CKQB-FM
- Ottawa, Ontario; Canada;
- Broadcast area: National Capital Region, Eastern Ontario, Western Quebec
- Frequency: 106.9 MHz
- Branding: Jump! 106.9

Programming
- Language: English
- Format: Contemporary hit radio

Ownership
- Owner: Corus Entertainment; (8324433 Canada Inc.);
- Sister stations: CJOT-FM

History
- First air date: August 31, 1982
- Former call signs: CJSB (1982–1994)
- Former frequencies: 540 kHz (1982–1994)

Technical information
- Licensing authority: CRTC
- Class: C1
- ERP: 84,000 watts
- HAAT: 323 metres (1,060 ft)
- Repeater: CKQB-FM-1 99.9 Pembroke

Links
- Webcast: player.jumpradio.ca
- Website: jumpradio.ca

= CKQB-FM =

Contemporary hit radio station in Ottawa

CKQB-FM (106.9 FM, Jump! 106.9) is a radio station licensed to Ottawa, Ontario, Canada. Owned by Corus Entertainment, it broadcasts a contemporary hit radio format. CKQB's studios are located at 1504 Merivale Road in Nepean along with sister station CJOT-FM, while its transmitter is located in Camp Fortune, Quebec.

==History==
The station was launched on August 31, 1982, by Standard Broadcasting at 540 AM, with the call sign CJSB and a power of 50,000 watts (daytime) and 10,000 watts (nighttime). The station was initially a mixture of MOR music and talk programming, then became an adult standards/easy listening (Music of Your Life) station, and in January 1987, evolved into a soft adult contemporary format with the brand name 54 Lite Rock. The station also aired Top 40 music.
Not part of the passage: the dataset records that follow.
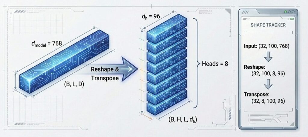 モデル次元(768)をヘッド数(8)で分割し、ヘッド次元(96)を持つ独立した部分空間を作成します。これにより、8つの独立した「脳」がシーケンスの異なる特徴に同時に注目できるようになります。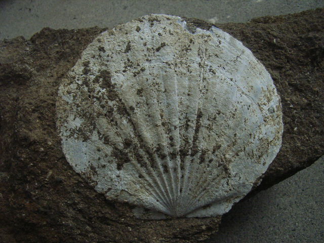 掛川動物群の代表種であるモミジツキヒの、ひと昔古いタイプのイイトミモミジツキヒです。腹縁に若干のチップはありますが、両耳がきれいに保存された個体です。場所によっては多産しますが、まあ、うまく割れてくれません。たいていは現場で泣き別れです。これは採集に行った人でないとわからない表現ですが、ここまできれいに出せるのは至難の業です。アムシオペテンは南方系のイタヤガイとされており、同時代に生息したミズホぺクテンとはほとんど共産しません。大きな母岩についていますので、展示陳列向きの標本です。産地を記したラベル付きです。ノークレーム ノーリターンでお願いいたします。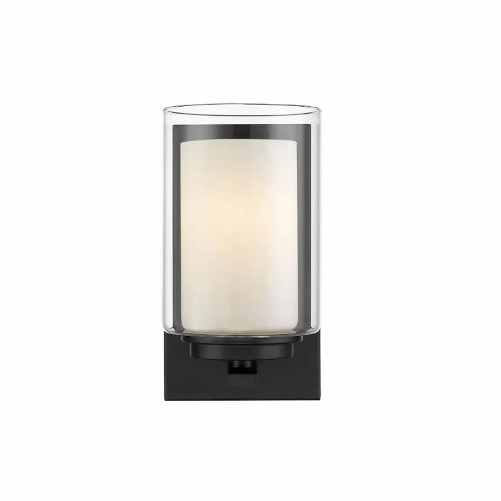 Give your bedroom or powder room a chic, sophisticated update. This beautiful, matte black wall sconce features a single, glowing bulb beneath a delicate, glass shade that's white on the inside and clear on the outside. An exquisite lighting option to highlight your refined sense of style. Bathroom/Powder Room/Bedroom/Hallway Mounting Direction: Up/Down Shade Included: Yes Dimmable: Yes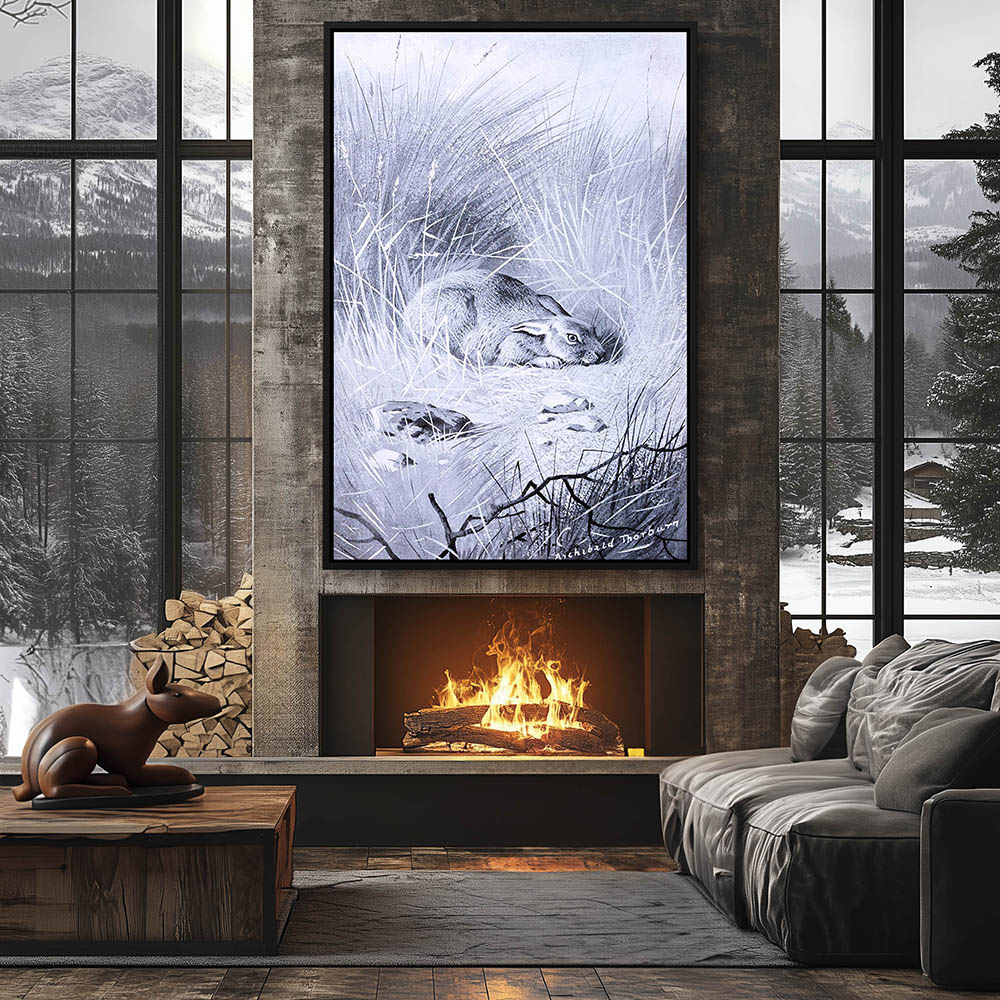 Painting of a Rabbit Laying in the Grass in Black and White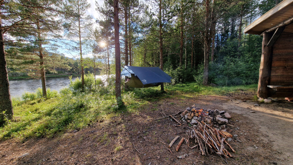 Wild campspot by the river Trysilelven, windshelter, outhouse toilette.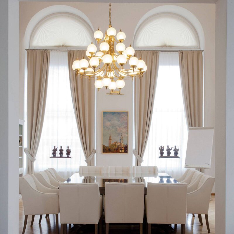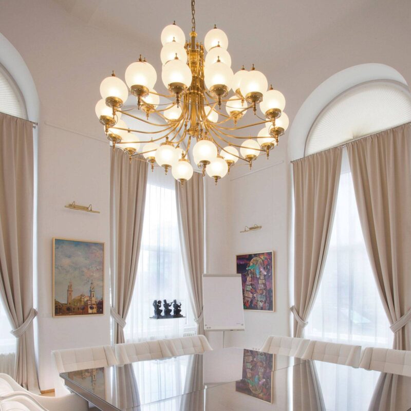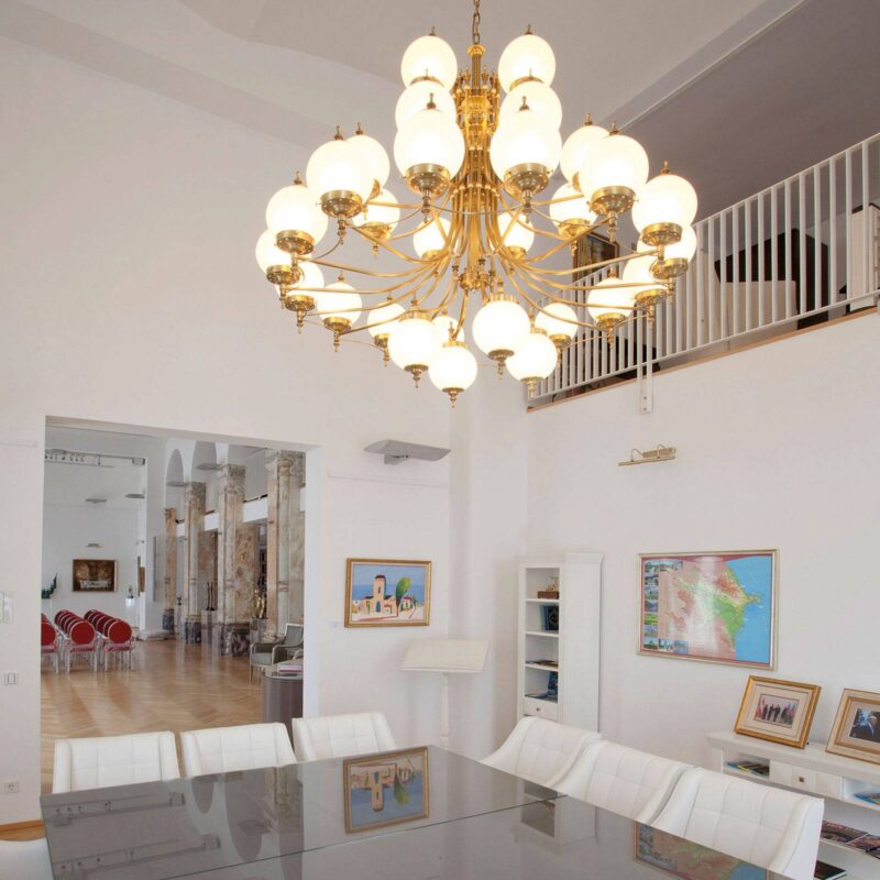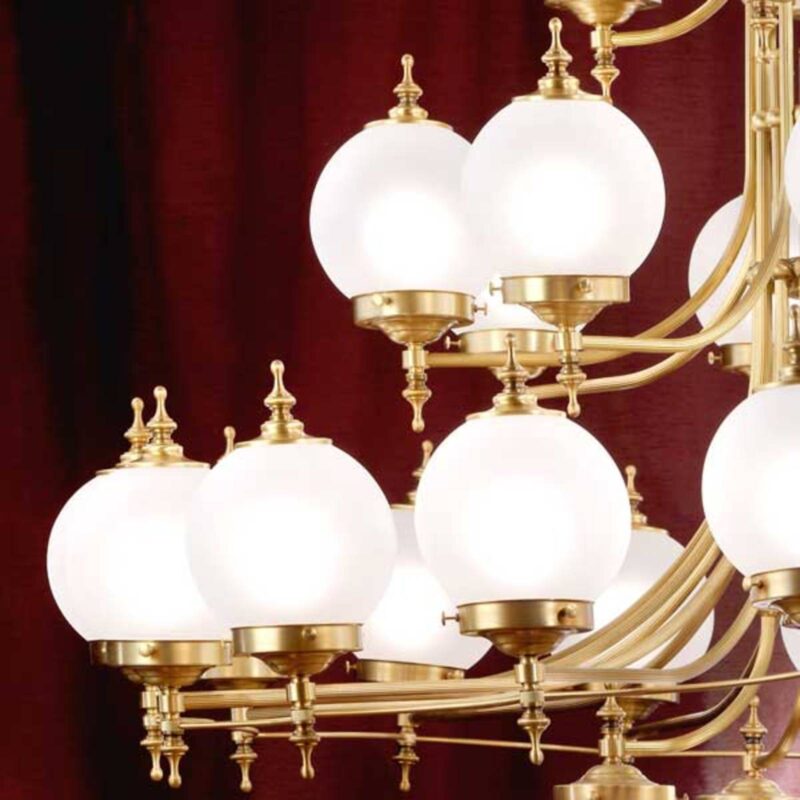 Nádherný luster OBJEKT s veľmi kvalitnou mosadznou konštrukciou Tento secesný luster zo série OBJEKT sa prezentuje vznešenou veľkoleposťou, ktorá sa zvlásť dobre hodí do reprezentatívnych sídel. Zvláštnosťou tohto lustra je popri kvalitnom spracovaní nádherná výzdoba 32 guľovitými tienidlami zo satinovaného skla, ktoré spolu s pekne tvarovanou konštrukciou s bronzovým povrchom vytvára ucelený vzhľad na špičkovej úrovni. Ak hľadáte náročný doplnok a žiarivé osvetlenie, v tomto lustri nájdete vhodný zdroj svetla do obytného priestoru alebo uvítacej haly.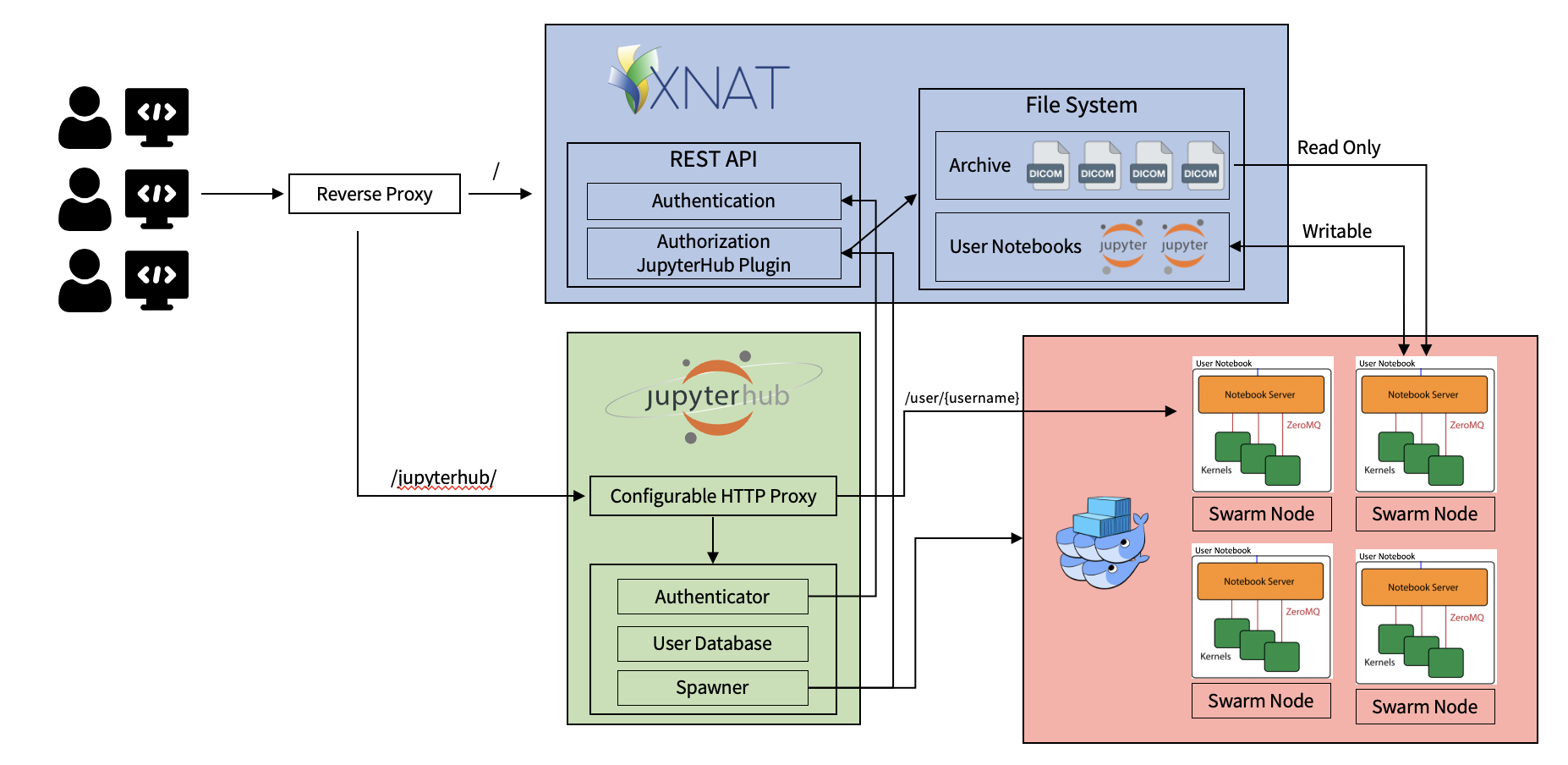 - A SwarmSpawner which spawns single user Jupyter containers on a Docker swarm with bind mounts to parts of the XNAT archive.

In 1988, the station adopted a mainstream rock format and the brand name 54 Rock. In June 1989, the station's nighttime power was increased from 10,000 watts to 12,500 watts in an effort to extend their coverage area in the west-end of Ottawa. Through all the changes, the station continued to lose money.

In 1993, after 11 years without a profit on AM, the station applied to move to the FM band using the available 106.9 frequency that had been occupied by CKO from 1977 to 1989. This was the first time the CRTC had allowed a commercial station in a major market to switch from AM to FM.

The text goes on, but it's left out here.